Blaise Pascal was a French physicist, mathematician, and philosopher. Author of the famous phrase : “ The heart has its reasons, which reason does not know ”.

Blaise Pascal

Educated by his father

Son of Etienne Pascal, president of the Court of Aids of Clermont, Blaise Pascal was born in this city on June 19, 1623. He was not three years old when his mother died, exhausted by her maternity wards and the nights spent with him. to watch over him. He has, in fact, convulsions which keep the whole family on alert. In 1630, Etienne Pascal came to live in Paris with his children. He takes care of the education of his son, whose budding genius he seems to have guessed. He has unorthodox views, and he forbids his son to learn mathematics before he is 15 years old. But legend has it that Blaise, piqued by curiosity, was surprised by his father demonstrating alone, at the age of 12, that the sum of the angles of a triangle is 180°. As a result, he was allowed (and encouraged) to read Euclid’s Elements. From the age of 14, Blaise Pascal accompanies his father to meetings at the Academy of the Minimal Marin Mersenne, where various scientists debate all kinds of questions.

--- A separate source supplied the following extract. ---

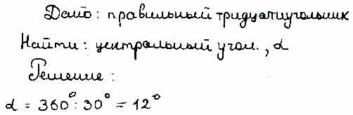 Для того чтобы дать полноценный ответ, был привлечен специалист, который хорошо разбирается требуемой тематике "ЕГЭ (школьный)". Ваш вопрос звучал следующим образом: Найдите центральный угол правильного тридцатиугольника

Blaise Pascal invented the first calculating machine

At 16, he made his first presentation there, where he demonstrated several theorems of projective geometry, including the famous property of the mystical hexagon inscribed in a conic. So much so that in 1640, at the age of 17, he published Essay for conics on elementary geometry. Work that will meet with great success, until attracting the attention of the great mathematician René Descartes. To help his father, promoted by Richelieu, tax collector in Rouen, he then designed the Pascaline, a device for performing additions and subtractions. It was, in a way, the first calculating machine in history, now kept at the Conservatoire des Arts et Métiers in Paris. Blaise Pascal meets the Jansenists there, a Catholic faction inspired by Saint-Augustin. These reject the concept of free will, and accept predestination. They teach that the key to salvation is divine grace rather than good deeds.

A mystical experience

In 1654, after almost dying in a car accident and having had a mystical experience, Pascal decided to devote himself to God and religion. He chose the Jansenist priest Singlin as spiritual guide and in 1665, he retired to the abbey of Port-Royal des Champs, center of Jansenism. According to Blaise Pascal, it is only in God that man can find spiritual anchorage. Pascal’s God is not that of the philosophers (Voltaire’s watchmaker, the creator God allowing us to understand intellectually that the world exists) but that of the Bible before whom the anxious fisherman trembles about his eternal salvation. The dogma of original sin makes it possible to understand the imperfections of man as well as his dignity. Man has lost his nature but retains traces of his original state. The famous argument of the bet is in no way a proof of the existence of God. It is mainly inspired by the calculation of probabilities (and in particular the notion of mathematical expectation) of which we know that Pascal was the founder. If I bet on the existence of God and that God exists, I gain eternal bliss while committing only a finite existence. If I bet on the existence of God and God does not exist, I have only lost a finite life. In total, therefore, I have the possibility of gaining infinite bliss and only risks losing a miserable reality. Conversely if I bet that God does not exist and that he does exist, I lose eternal bliss, ie my salvation. If finally I bet that God does not exist and that indeed he does not exist, I have won only a finite reality. In total, therefore, I risk losing a great deal while seeking to gain very little. It is therefore in my interest to bet that God exists. Failure to do so is suicidal, contrary to common sense.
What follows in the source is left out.